RQC Seminar

123rd RQC Seminar

  • Speaker

    Dr. Lev Ioffe
    ( Google Quantum AI )

  • Date

    16:00-17:00, June 12, 2024 (Wednesday)

  • Venue

    Hybrid(ZOOM・ Room S507 at Wako S51 Chem. & Mat.Phys. Bldg.)

  • Title

    NISQ effort: present and future.

  • Inquiries

    rqc_info[at]ml.riken.jp

Abstract
Presently quantum computers contain ~100 qubits whose lifetime is roughly four order of magnitude longer than the time of gate operation. In the near future we expect both the number of qubits and life time to increase by the factors of 2-5 but hardly more. Can we learn something valuable from such machines?
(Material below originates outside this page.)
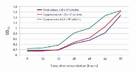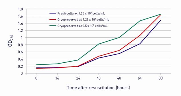 Three Chlamydomonas reinhardtii cultures were grown at 50 µE m-2s-1, 26°C, and 110 rpm, and optical densities were measured at OD750 at 16, 24, 40, 48, 64, and 80 hrs. The culture represented by the blue line started with a fresh culture, and the cultures represented by the red and green lines were frozen at different cell concentrations using the GeneArt® Cryopreservation Kit for Algae and resuscitated in TAP growth media, following manufacturer recommendations. Similar results were seen with Chlorella vulgaris, either wild type or transformants.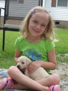 The omens were not good. At the kennel my daughter Hadley, then six, sat on a couch with all the new pups from Link and Ali's litter, and she naturally chose the little affectionate one who crawled right up into her lap and licked her face. Later several people–more crones from Macbeth–would warn us too late that you "never pick the friendliest one". Then there was the matter of her name. When Hadley was little I helped her get to sleep with a series of stories that we called "Dad's Used-to-Be Dogs." The premise was that all the dogs that I had had through childhood would get together, via time machine of course, and head out on adventures. Hadley loved all my childhood dogs, from the Lassie-like collie, Macker, to the scrappy mutt Hound, but she was particularly fascinated by our wild black lab Missy. This earlier Missy could jump over the eight foot fence in our backyard, and belonged, if not on a farm then on a racetrack. One day my mother mistakenly slammed her tail in the sunroom screen door, and Missy flew around the house, spraying blood everywhere. The tail never healed right and hardened to bone, becoming a cudgel-like weapon that she constantly waved, smashing lamps and vases. Missy the First was never tamed, let alone trained, and Hadley loved to hear the stories of her smashing things.

I will argue that these, very imperfect and noisy computers can address a number of fundamental physics problems that are difficult (if not impossible) to simulate on a classical computer.
I will begin by a quick review of the superconducting quantum chips and their limitations. I will then discuss what physical systems are 'natural' for the simulation on these devices: spin liquids, spin diffusion, bose liquids (with and without magnetic fields) and what are the outstanding fundamental problems that one might address. In the second part of the talk I will describe the recent discovery that Google team made while simulating one of these problems: formation of the bound states in pseudo one dimensional chains and their completly unexpected stability in non-intergable systems. Finally I discuss in more detail the easiest of the unsolved problems from the list above: decay of high energy states. I will show that computations in different limits give contradictory results while numerical results do not agree with any expectations making this problem very attractive for simulation by quantum hardware.